Here's Cutler's advice to the Bears, who traded up a spot to take quarterback Mitchell Trubisky with the No. 2 pick in the 2017 NFL Draft.

"If it's going downhill, I don't really see any reason to play the kid," Cutler told ESPN Radio on Friday. "I'm sure there's going to be a lot of people calling for his name, because you draft him at No. 2 and draft him for a reason, and that's to play football and win games. But if you look at a lot of quarterbacks throughout this league, until you've got some people around you, some pieces around you, it's hard to win football games in this league as a quarterback. If it's going downhill, there's no way I'm playing him. For what? So he can go out there and take a beating and he can get off to a rough start as an NFL quarterback?"

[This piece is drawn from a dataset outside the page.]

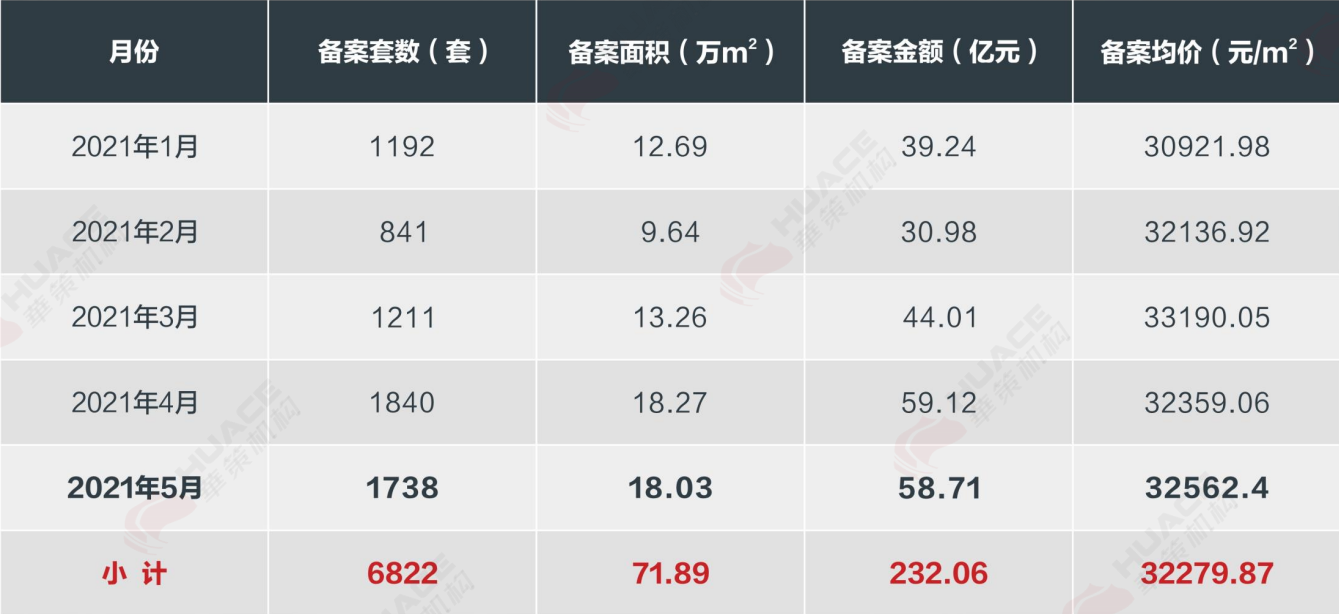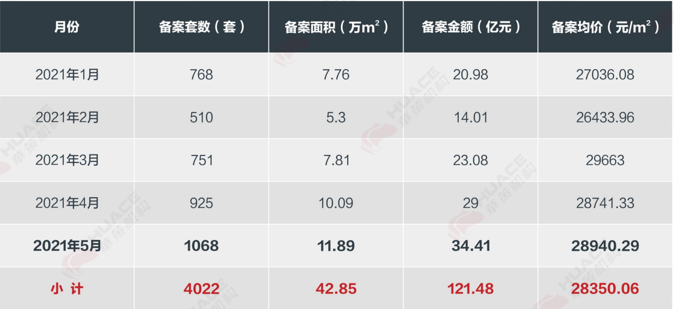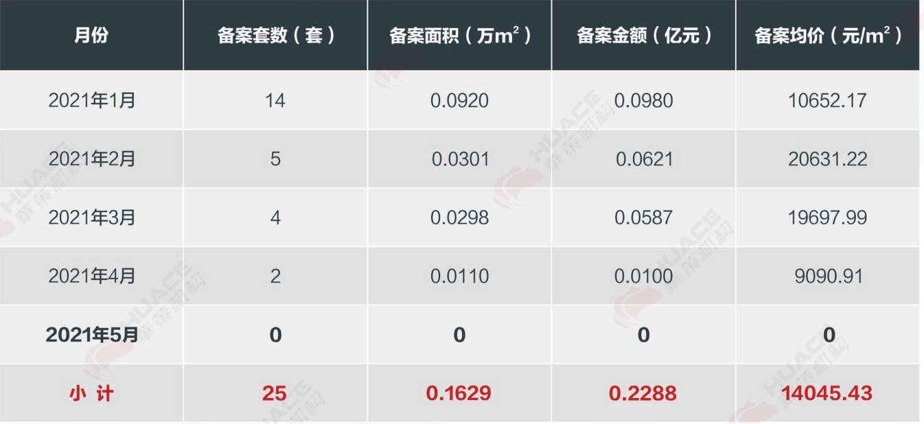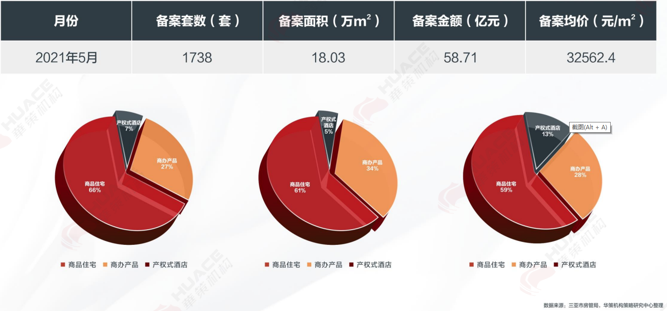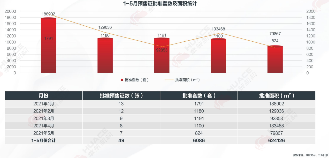 2021年5月批準預售證7張,其中住宅450套、辦公產品302套,商業72套,產權式酒店本月無新増。

The only way these remarks carry more weight is if Cutler made them while sitting next to David Carr, the man who endured 76 sacks as a rookie with the Texans back in 2002.

Also not helping the "Start Trubisky now" continent: The Bears were on the wrong side of one of the most lopsided trades in recent draft history. This is one thing when a team is one player a way from a deep playoff run, and something else entirely when that same team is instead 10-15 players away. We'll let you guess where the Bears, who finished 3-13 a season ago, fall on that spectrum.

To move from No. 3 to No. 2, the Bears gave the 49ers the No. 3 overall pick, a third-round pick (67th overall) and a fourth-round pick (111th overall) in the 2017 draft, as well as a third-round pick in the 2018 draft. You could argue that the Bears had to make that deal to beat other teams that wanted Trubisky, but there appears to be little evidence any other teams were willing to give up that much to take the quarterback second overall.

If you're squinting for a silver lining, this will have to do: Even Trubisky concedes that Mike Glennon, signed this offseason to a three-year, $45 million deal, is the starter heading into 2017. How long that remains -- especially with coach John Fox already on the ol' hot seat -- is another matter.

In the meantime, mark your calendars; Cutler and his booth mates -- Kevin Burkhardt and Charles Davis -- will call the Titans-Bears preseason game on August 27.